The first time I made these mini dessert bites, they disappeared from the buffet table within minutes. Guests loved sampling the trio of flavors, and serving them in mini sizes made everything so fuss-free.
Ingredients
- Graham cracker crumbs: 100 g (3.5 oz) for mini cheesecakes
- Unsalted butter, melted: 40 g (3 tbsp) divided
- Cream cheese, softened: 200 g (7 oz) for cheesecakes
- Granulated sugar: 50 g (1/4 cup) for cheesecakes
- Egg: 1 large for cheesecakes
- Vanilla extract: 1/2 tsp
- Fresh berries: for topping cheesecakes
- Chocolate sandwich cookies, finely crushed: 100 g (3.5 oz) for chocolate tarts
- Dark chocolate, chopped: 100 g (3.5 oz) for chocolate tarts
- Heavy cream: 75 ml (1/3 cup) for chocolate tarts
- Sea salt flakes: for garnishing chocolate tarts
- Ready-rolled shortcrust pastry: 1 sheet for lemon curd tarts
- Lemon curd: 100 g (3.5 oz) for lemon curd tarts
- Powdered sugar: 1 tsp for dusting lemon curd tarts
Instructions
- Prep the tin:
- Preheat oven to 170°C (340°F). Grease a 24-cup mini muffin tin.
- Mini Cheesecakes:
- Mix graham cracker crumbs and melted butter. Press 1 heaping teaspoon into base of 8 muffin cups. In a bowl, beat cream cheese, sugar, egg, and vanilla until smooth.
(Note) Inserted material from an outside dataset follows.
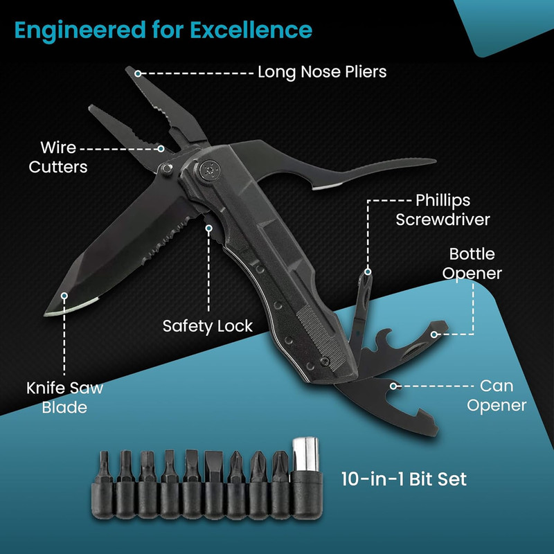 ابزار 10 کاره گرین لاین شما را از حمل جعبه ابزار بی نیاز میکند. این انبردست چندکاره از فولاد ضد زنگ بادوام 420 ساخته شده است و دارای تیغه 3.1 اینچی است که می تواند کارهای سخت را بدون زحمت انجام دهد. با این ابزار میتوانید تقریباً هر چیزی را تعمیر کنید. ابزار های این انبردست چندکاره شامل، یک تیغه چاقو، یک اره، انبر دست دمباریک، یک اهرم مفصلی، یک بطری بازکن، یک قوطی بازکن، ۲ سایز پیچ گوشتی تخت و یک پیچگوشتی چهارسو و یک مجموعه 9 عددی پیچگوشتی استاندارد مگنتی است. با استفاده از این مجموعه ابزار جامع، می توانید با دردسر حمل یک جعبه ابزار بزرگ خداحافظی کنید.

Spoon mixture over crusts. Bake 12 to 15 minutes until set. Cool, chill, and top with berries.
- Mini Chocolate Tarts:
- Mix crushed cookies and melted butter. Press into 8 muffin cups to form bases. Chill 10 minutes. Heat cream to simmer, pour over chocolate, and stir until smooth. Spoon ganache into crusts. Chill 30 minutes until set and sprinkle with sea salt flakes.
- Mini Lemon Curd Tarts:
- Cut 8 rounds of shortcrust pastry and press into remaining cups. Prick bases, bake 8 to 10 minutes until golden, then cool. Fill with lemon curd and dust with powdered sugar.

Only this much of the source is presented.